Synaptic exocytosis of dense-core vesicles in blue crab (Callinectes sapidus) stomach muscles.

Abstract

Neuromuscular terminals of a single motoneuron to four muscles (CPV7a, GM5a, CV2, and CV3) in the stomach of the blue crab Callinectes sapidus showed structural evidence for the exocytotic release of dense-core vesicles exclusively at synapses. The primary evidence was the appearance of dense cores in the synaptic cleft, accompanied by indentations of the presynaptic or postsynaptic membrane. In their simplest form, these consisted of an omega-shaped figure of the presynaptic membrane enclosing one dense core, denoting release of a single dense-core vesicle. A larger indentation of the presynaptic membrane enclosing several dense cores denoted multiple release. A more complex form of multiple release was where the presynaptic membrane was normal, but the postsynaptic membrane elaborated into a sac projecting into the granular sarcoplasm and filled with dense cores. The postsynaptic sac in some instances was compressed into a thin, fingerlike extension, which lacked dense cores and, at its distal end, separated into small cisternae, suggesting a mechanism for membrane recycling. Profiles depicting single and multiple releases of dense-core vesicles were found more frequently at neuromuscular terminals that release relatively large amounts of transmitter with a single stimulus, such as CV2 and CV3, compared to those releasing smaller amounts, such as CPV7a and GM5a.

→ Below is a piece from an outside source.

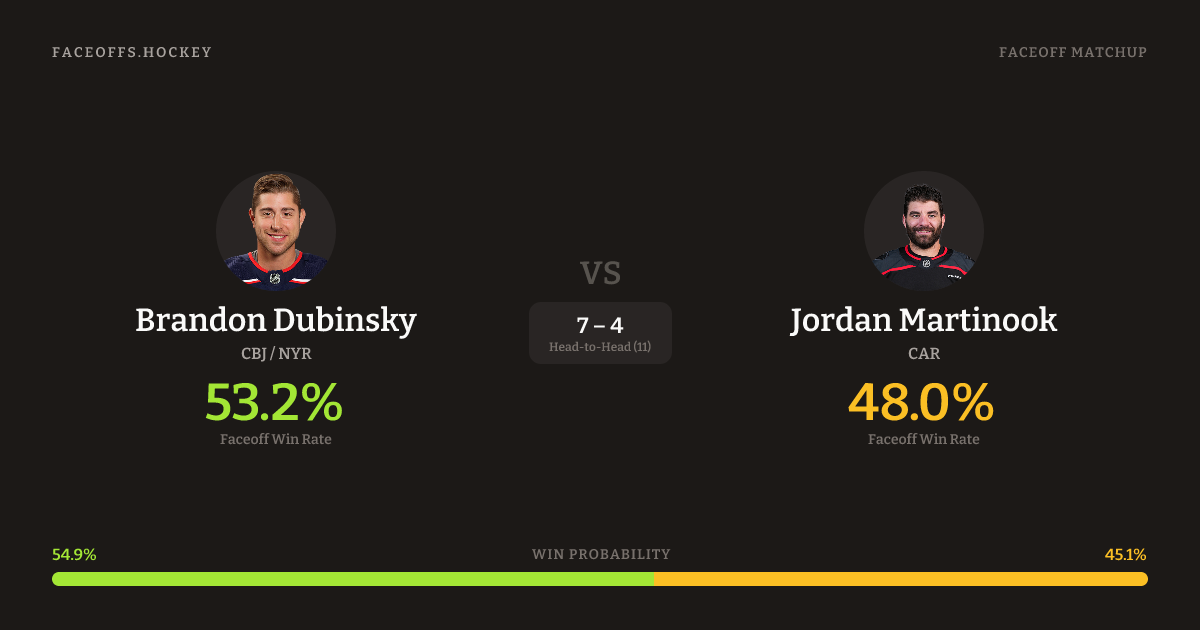 Brandon Dubinsky vs Jordan Martinook — Faceoff Head-to-Head

The disparity in release sites among the four muscles of this single motor unit and the fact that many of the multiple-release figures were closely adjacent to the active zones for transmitter release suggest a possible modulatory role for dense-core vesicles in synaptic transmission. Such modulation may be long lasting, as implied by the postsynaptic sacs, which may permit prolonged release of the contents of their dense cores into the synaptic cleft. This is in keeping with the functional role of these stomach muscles, which is to be continuously active for long periods of time.